Matilde Hidalgo de Procel, nacida en Loja el 29 de septiembre de 1889, es una de las personas más representativas de la historia de Ecuador, destacándose como pionera en la defensa de los derechos de las mujeres en América Latina. A lo largo de su vida, rompió las barreras sociales que limitaban el rol femenino, logrando avances importantes en áreas como la educación, profesión, el voto y la política. Hoy, 20 de febrero, se cumplen 51 años de su fallecimiento, una fecha que rememora su incansable esfuerzo por la igualdad y su valioso legado, que sigue inspirando la lucha por los derechos de las mujeres hasta el día de hoy.
Trayectoria
Matilde Hidalgo fue la última hija del matrimonio entre Juan Manuel Hidalgo Pauta y Carmen Navarro del Castillo. A los pocos meses de su nacimiento, su padre falleció mientras trabajaba como contratista en Perú. Creció en un ambiente donde la figura de su hermano mayor, Antonio Hidalgo, quien la cuidó y formó, fue fundamental en su desarrollo intelectual. A los 4 años ya sabía leer y escribir, pues su hermano le impartió enseñanzas sobre arte, historia, poesía y otros conocimientos que marcarían su vida.
La lojana cursó sus estudios primarios en la escuela «La Inmaculada», institución que representaba el límite educativo para las mujeres de la época. Sin embargo, su espíritu la llevó a cuestionar la dominación masculina y a abrazar la idea de que las mujeres podían aspirar a más. En 1907, con el apoyo de su madre, solicitó matricularse en el colegio «Bernardo Valdivieso», un establecimiento que, en aquel entonces la educación era solo para hombres. Esta solicitud fue aprobada, convirtiéndose en la primera mujer ecuatoriana en acceder a estudios secundarios en una escuela masculina.
Aunque la sociedad la llegó a tachar de ‘liberal y endemoniada’, Matilde siguió su camino. En 1913 obtuvo el grado de bachiller y, al año siguiente, se inscribió en la Facultad de Medicina de la Universidad del Azuay en Cuenca, después de ser rechazada por la Universidad Central de Quito debido a su género. En 1919, logró obtener su licenciatura en medicina, convirtiéndose en la primera mujer de Ecuador en lograrlo. En 1921, alcanzó su máxima meta, convirtiéndose en la primera mujer médica graduada en el país.
Para 1924, un hecho trascendental marcó su vida, debido a que solicitó su inscripción para votar en las elecciones nacionales, a pesar de que en ese entonces se les prohibía a las mujeres ejercer ese derecho.

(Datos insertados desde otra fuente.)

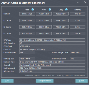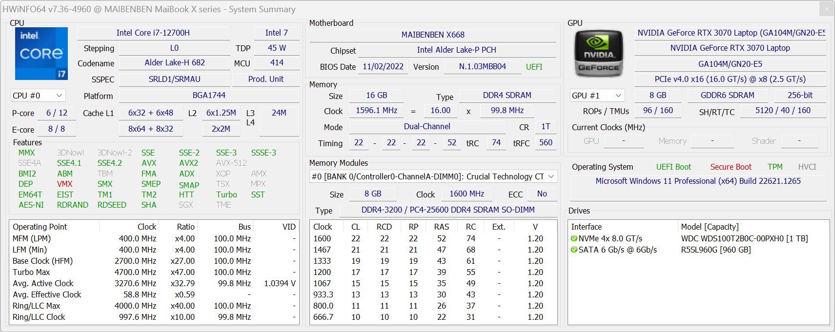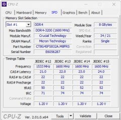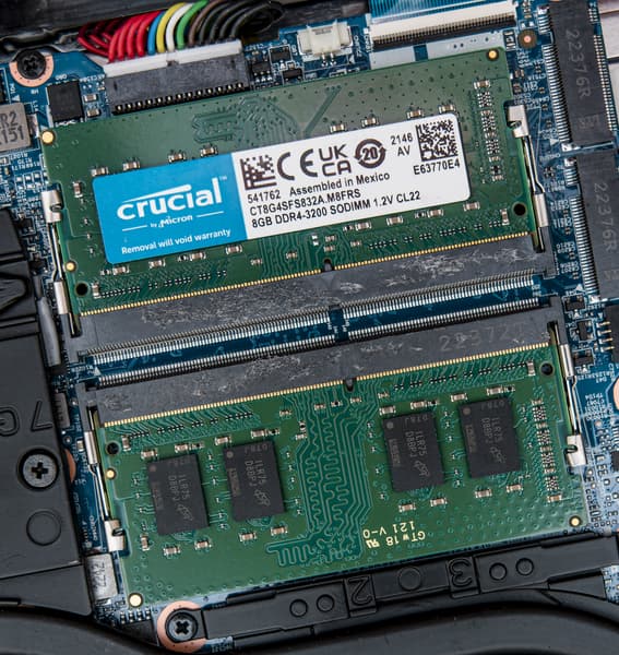 Ноутбук оснащен процессором, который умеет работать с оперативной памятью DDR5-4200. Однако подопытный экземпляр оснащен SO-DIMM предыдущего поколения (DDR4-3200) в виде двух равноценных модулей Crucial/Micron CT8G4SFS832A по 8 ГБ, благодаря чему память работает в двухканальном режиме.

Tras varias negativas, su insistencia logró que Ecuador se convirtiera en el primer país en América Latina en reconocer el sufragio femenino en 1929. Su lucha por los derechos civiles culminó en 1941, cuando se convirtió en la primera mujer en postularse y ser elegida para un cargo de elección popular, siendo designada como la primera congresista del país.
Legado
En la actualidad, el legado de Matilde sigue vigente, especialmente en su ciudad natal, Loja.
En 2024, se conmemoró el centenario del voto femenino en Ecuador, y diversas autoridades y grupos feministas a nivel nacional y local organizaron actividades para honrar su lucha incansable.
En honor a su legado, existen varios lugares representativos que recuerdan su vida y obra. En la ciudad, hay una calle de solo dos cuadras que lleva su nombre, pero también existe la Escuela de Educación Básica «Dra. Matilde Hidalgo de Procel», una institución educativa que, al momento cuenta con 58 años de trayectoria. Además, uno de los lugares más importantes que preserva su memoria es el Museo Matilde Hidalgo de Procel, donde se relata su vida. Según José Mora Rivas, guía-informador, este espacio conserva diplomas, reconocimientos, títulos, cargos desempeñados, objetos personales, fotografías, bustos escultóricos y poemarios donados al museo, que ilustran el caminar de la primera mujer en Ecuador en ejercer el voto y en ser primera médica del país.